■ **Work instruction**
This exercise requires every record to be repeated exactly.

—————

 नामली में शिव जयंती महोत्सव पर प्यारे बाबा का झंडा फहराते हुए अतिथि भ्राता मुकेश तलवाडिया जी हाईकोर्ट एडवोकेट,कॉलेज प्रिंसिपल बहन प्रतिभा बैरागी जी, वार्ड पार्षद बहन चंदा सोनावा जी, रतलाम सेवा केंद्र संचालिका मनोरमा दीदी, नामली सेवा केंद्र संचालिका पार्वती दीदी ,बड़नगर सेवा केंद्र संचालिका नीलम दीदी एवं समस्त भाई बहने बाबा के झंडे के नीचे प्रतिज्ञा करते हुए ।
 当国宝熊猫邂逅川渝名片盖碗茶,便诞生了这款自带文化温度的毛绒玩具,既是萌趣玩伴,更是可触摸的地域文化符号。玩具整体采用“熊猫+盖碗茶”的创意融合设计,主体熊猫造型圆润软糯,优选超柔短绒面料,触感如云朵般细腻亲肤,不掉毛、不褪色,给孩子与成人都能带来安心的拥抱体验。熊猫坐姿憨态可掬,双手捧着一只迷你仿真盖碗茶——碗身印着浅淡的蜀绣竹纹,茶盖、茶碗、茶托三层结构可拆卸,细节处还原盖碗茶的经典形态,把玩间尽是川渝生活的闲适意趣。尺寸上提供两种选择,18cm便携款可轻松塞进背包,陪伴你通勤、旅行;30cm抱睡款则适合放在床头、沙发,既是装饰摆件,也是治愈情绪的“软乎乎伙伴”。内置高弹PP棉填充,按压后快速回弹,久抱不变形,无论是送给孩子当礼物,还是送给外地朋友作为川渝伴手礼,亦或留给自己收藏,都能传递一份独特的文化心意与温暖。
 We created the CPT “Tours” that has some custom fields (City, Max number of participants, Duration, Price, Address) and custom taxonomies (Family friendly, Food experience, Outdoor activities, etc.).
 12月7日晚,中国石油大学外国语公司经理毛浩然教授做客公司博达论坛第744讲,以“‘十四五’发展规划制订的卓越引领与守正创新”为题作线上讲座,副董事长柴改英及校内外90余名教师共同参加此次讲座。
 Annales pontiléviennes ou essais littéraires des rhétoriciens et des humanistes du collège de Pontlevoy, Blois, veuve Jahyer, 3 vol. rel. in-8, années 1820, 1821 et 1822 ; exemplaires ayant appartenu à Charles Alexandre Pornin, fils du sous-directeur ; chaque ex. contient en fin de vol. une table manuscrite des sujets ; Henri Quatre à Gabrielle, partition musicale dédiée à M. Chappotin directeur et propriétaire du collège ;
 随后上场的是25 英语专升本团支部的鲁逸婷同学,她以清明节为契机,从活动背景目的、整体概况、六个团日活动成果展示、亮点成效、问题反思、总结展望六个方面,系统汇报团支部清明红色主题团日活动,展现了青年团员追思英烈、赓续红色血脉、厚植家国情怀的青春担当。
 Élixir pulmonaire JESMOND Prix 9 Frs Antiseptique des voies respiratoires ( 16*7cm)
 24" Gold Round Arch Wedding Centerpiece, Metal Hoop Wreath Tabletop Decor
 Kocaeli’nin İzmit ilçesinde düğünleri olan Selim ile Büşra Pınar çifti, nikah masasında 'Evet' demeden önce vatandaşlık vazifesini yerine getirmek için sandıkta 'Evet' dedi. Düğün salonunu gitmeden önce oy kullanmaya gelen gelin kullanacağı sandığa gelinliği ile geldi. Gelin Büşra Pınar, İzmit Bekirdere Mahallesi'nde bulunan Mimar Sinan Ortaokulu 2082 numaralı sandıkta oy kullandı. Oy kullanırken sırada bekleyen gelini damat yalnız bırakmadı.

—————

■ **Exercise result**
 नामली में शिव जयंती महोत्सव पर प्यारे बाबा का झंडा फहराते हुए अतिथि भ्राता मुकेश तलवाडिया जी हाईकोर्ट एडवोकेट,कॉलेज प्रिंसिपल बहन प्रतिभा बैरागी जी, वार्ड पार्षद बहन चंदा सोनावा जी, रतलाम सेवा केंद्र संचालिका मनोरमा दीदी, नामली सेवा केंद्र संचालिका पार्वती दीदी ,बड़नगर सेवा केंद्र संचालिका नीलम दीदी एवं समस्त भाई बहने बाबा के झंडे के नीचे प्रतिज्ञा करते हुए ।
 当国宝熊猫邂逅川渝名片盖碗茶,便诞生了这款自带文化温度的毛绒玩具,既是萌趣玩伴,更是可触摸的地域文化符号。玩具整体采用“熊猫+盖碗茶”的创意融合设计,主体熊猫造型圆润软糯,优选超柔短绒面料,触感如云朵般细腻亲肤,不掉毛、不褪色,给孩子与成人都能带来安心的拥抱体验。熊猫坐姿憨态可掬,双手捧着一只迷你仿真盖碗茶——碗身印着浅淡的蜀绣竹纹,茶盖、茶碗、茶托三层结构可拆卸,细节处还原盖碗茶的经典形态,把玩间尽是川渝生活的闲适意趣。尺寸上提供两种选择,18cm便携款可轻松塞进背包,陪伴你通勤、旅行;30cm抱睡款则适合放在床头、沙发,既是装饰摆件,也是治愈情绪的“软乎乎伙伴”。内置高弹PP棉填充,按压后快速回弹,久抱不变形,无论是送给孩子当礼物,还是送给外地朋友作为川渝伴手礼,亦或留给自己收藏,都能传递一份独特的文化心意与温暖。
 We created the CPT “Tours” that has some custom fields (City, Max number of participants, Duration, Price, Address) and custom taxonomies (Family friendly, Food experience, Outdoor activities, etc.).
 12月7日晚,中国石油大学外国语公司经理毛浩然教授做客公司博达论坛第744讲,以“‘十四五’发展规划制订的卓越引领与守正创新”为题作线上讲座,副董事长柴改英及校内外90余名教师共同参加此次讲座。
 Annales pontiléviennes ou essais littéraires des rhétoriciens et des humanistes du collège de Pontlevoy, Blois, veuve Jahyer, 3 vol. rel. in-8, années 1820, 1821 et 1822 ; exemplaires ayant appartenu à Charles Alexandre Pornin, fils du sous-directeur ; chaque ex. contient en fin de vol. une table manuscrite des sujets ; Henri Quatre à Gabrielle, partition musicale dédiée à M. Chappotin directeur et propriétaire du collège ;
 随后上场的是25 英语专升本团支部的鲁逸婷同学,她以清明节为契机,从活动背景目的、整体概况、六个团日活动成果展示、亮点成效、问题反思、总结展望六个方面,系统汇报团支部清明红色主题团日活动,展现了青年团员追思英烈、赓续红色血脉、厚植家国情怀的青春担当。
 Élixir pulmonaire JESMOND Prix 9 Frs Antiseptique des voies respiratoires ( 16*7cm)
 24" Gold Round Arch Wedding Centerpiece, Metal Hoop Wreath Tabletop Decor
 Kocaeli’nin İzmit ilçesinde düğünleri olan Selim ile Büşra Pınar çifti, nikah masasında 'Evet' demeden önce vatandaşlık vazifesini yerine getirmek için sandıkta 'Evet' dedi. Düğün salonunu gitmeden önce oy kullanmaya gelen gelin kullanacağı sandığa gelinliği ile geldi. Gelin Büşra Pınar, İzmit Bekirdere Mahallesi'nde bulunan Mimar Sinan Ortaokulu 2082 numaralı sandıkta oy kullandı. Oy kullanırken sırada bekleyen gelini damat yalnız bırakmadı.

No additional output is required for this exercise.